**Supplied data**:

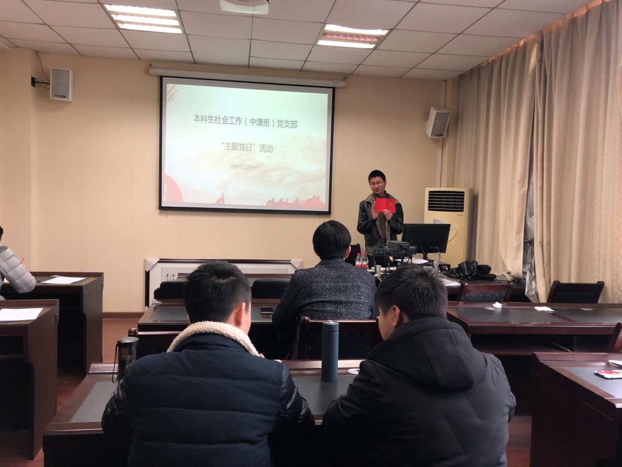2019年3月1日中午12:30,本科生社工中澳党支部二月主题党日活动于社会学院MSW教室顺利开展。本次学习活动应到正式党员5人,实到正式党员4人,共出席11人,请假2人。
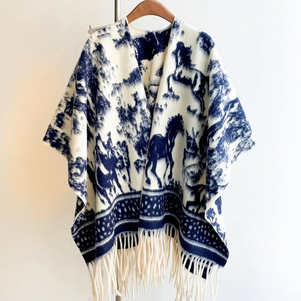 Wrap yourself in adventure with the Run Wild Shawl, a stunning blue and white design that captures the spirit of freedom and movement. Featuring charming tassels that dance with every step, this versatile shawl layers beautifully over any outfit for instant style and warmth. Perfect for those who embrace life's bold moments, whether you're heading out for an evening stroll or adding flair to your everyday look. Let your wild side shine!
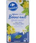 Indulge in a soothing ritual with Carrefour's Good Night Infusion. This specially curated blend of traditional herbs includes linden officinalis, verbena, and scentless chamomile - all known for their calming properties. The added notes of orange bigarade, lemon balm, and lavender not only enhance the flavor but also promote restful sleep. This all-natural herbal tea infusion is perfect for those who want to unwind at the end of a long day.

**Your instructions**:
Retype the data above exactly, dropping every picture.

**Result of this task**:
2019年3月1日中午12:30,本科生社工中澳党支部二月主题党日活动于社会学院MSW教室顺利开展。本次学习活动应到正式党员5人,实到正式党员4人,共出席11人,请假2人。
 Wrap yourself in adventure with the Run Wild Shawl, a stunning blue and white design that captures the spirit of freedom and movement. Featuring charming tassels that dance with every step, this versatile shawl layers beautifully over any outfit for instant style and warmth. Perfect for those who embrace life's bold moments, whether you're heading out for an evening stroll or adding flair to your everyday look. Let your wild side shine!
 Indulge in a soothing ritual with Carrefour's Good Night Infusion. This specially curated blend of traditional herbs includes linden officinalis, verbena, and scentless chamomile - all known for their calming properties. The added notes of orange bigarade, lemon balm, and lavender not only enhance the flavor but also promote restful sleep. This all-natural herbal tea infusion is perfect for those who want to unwind at the end of a long day.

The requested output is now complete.